• **REQUIRED WORK**
Copy exactly the lines of the data below, beginning with the line with "WELCOME PICKBALLERS! We" and ending with the line with "Form I 9 Employment". Pictures are to be omitted.

• **RECORDS SHOWN**
○ ○ ○ ○ ○ ○ ○
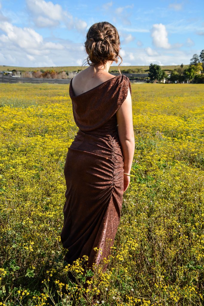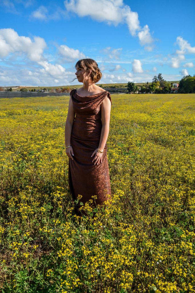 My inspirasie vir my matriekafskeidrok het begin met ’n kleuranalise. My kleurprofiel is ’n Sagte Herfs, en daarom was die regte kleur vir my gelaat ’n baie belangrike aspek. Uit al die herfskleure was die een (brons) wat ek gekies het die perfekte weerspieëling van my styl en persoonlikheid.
○ ○ ○ ○ ○ ○ ○
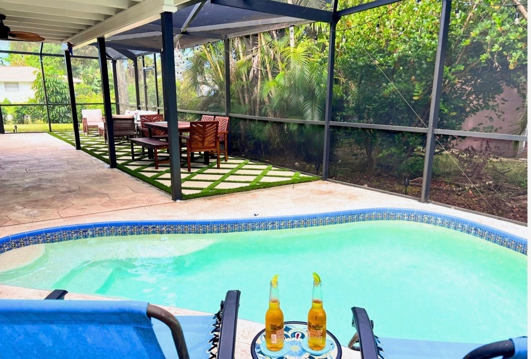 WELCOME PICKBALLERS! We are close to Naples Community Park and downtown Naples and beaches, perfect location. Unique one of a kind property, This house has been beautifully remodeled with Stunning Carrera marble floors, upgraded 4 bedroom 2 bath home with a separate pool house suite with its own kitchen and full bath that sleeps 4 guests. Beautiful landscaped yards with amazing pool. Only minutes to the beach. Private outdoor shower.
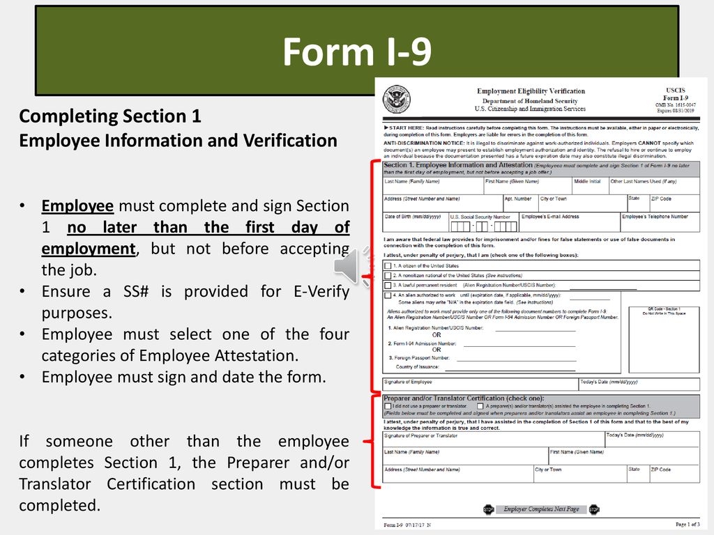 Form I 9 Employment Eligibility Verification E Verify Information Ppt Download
○ ○ ○ ○ ○ ○ ○
• **RESPONSE TO THE TASK**
 WELCOME PICKBALLERS! We are close to Naples Community Park and downtown Naples and beaches, perfect location. Unique one of a kind property, This house has been beautifully remodeled with Stunning Carrera marble floors, upgraded 4 bedroom 2 bath home with a separate pool house suite with its own kitchen and full bath that sleeps 4 guests. Beautiful landscaped yards with amazing pool. Only minutes to the beach. Private outdoor shower.
 Form I 9 Employment Eligibility Verification E Verify Information Ppt Download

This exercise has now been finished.